Are you still taking piracetam with it martyboy?


----------



## martyboi (Sep 18, 2009)

nope. I stopped the piracetam...I wanted to see what the memantine could do on its own so i'm pretty much only taking memantine. I'll probably experiment with the piracetam later. I'm still unsure of whether or not the piracetam synergizes with it or what it does in combo....
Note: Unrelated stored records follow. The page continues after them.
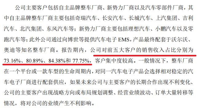 埃泰克对前五大客户的销售收入占比近年来已增至84.38%,其中对奇瑞汽车的销售收入占比已超过五成。
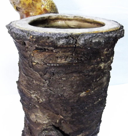 脚に欠損あります。矢印部分。 釜傷のヒビが見られますが、外側は貼り付け仕上げです。 本体(内側)の筒部分にできたものではなく、花活けとして全く問題ございません。 口縁や内側の使用汚れはお手入れしてください。綺麗になると思います。 注文NO.7491 閉じる
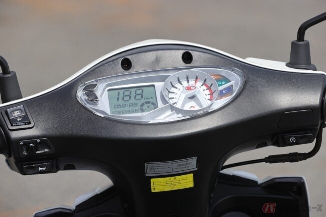 私の好きポイントを他にも挙げると、リアとフロントのLEDライトカバーが水色がかっているところに清涼感を感じた。あとライト周りの枠の部分?がキラキラして見えて可愛いし、シートも二色使いのカバーでステッチがオレンジになっているのも技が細かくて好きだなぁ。そういうかわいさの反面、シュッとしたマスクだったりカウリングが可愛さに振りすぎていないところに男女共に選ばれる要因を見たよ!

btw. I'm going through some serious brain fog at the moment since i upped my dosage to 20mg a couple days ago. Sometimes when i talk I can barely form a coherent sentence....haha I'm trying to lay low for awhile until this passes...


----------



## longway (Mar 3, 2007)

Tried memantine for 5 days already. it works without any aditional meds. along with the ocd reduction I feel more confidence and motivation. the SA is relieved like the ritalin effect but just without the euphoric feeling. I hadn't had any of the euphoric sensation you all reported. I'll report back in the future to see if there're some more good changes(I hope).


----------



## crayzyMed (Nov 2, 2006)

longway said:


> Tried memantine for 5 days already. it works without any aditional meds. along with the ocd reduction I feel more confidence and motivation. the SA is relieved like the ritalin effect but just without the euphoric feeling. I hadn't had any of the euphoric sensation you all reported. I'll report back in the future to see if there're some more good changes(I hope).


Awesome news!


----------



## crayzyMed (Nov 2, 2006)

Went up to 20mg today. Never got any euphoric sensations either from it, just a good reduction in OCD.


----------



## crayzyMed (Nov 2, 2006)

billyho said:


> i am having the "wired" feelings now. i'm at 5mg x 2 and experiencing that. sure hope this feeling passes.
> on another note, i was taking parnate w the memantine and was experiencing all kinds of stomach issues.. evidently that's from the combo of the two drugs as i've stopped the parnate and the stomach issues have subsided.


How are you feeling now?

I'm now side effect free on 20mg. Cant get much higher for now.


----------



## martyboi (Sep 18, 2009)

I am also side effect free on 20mg now. Depression is about 80% diminished and anxiety 50% diminished, attention 50% enhanced...roughly


----------



## ephilation (May 18, 2010)

*Memantine!*

Hm, so after reading people's responses to this medicine on this thread, I have to say that I'm looking forward to trying it out myself!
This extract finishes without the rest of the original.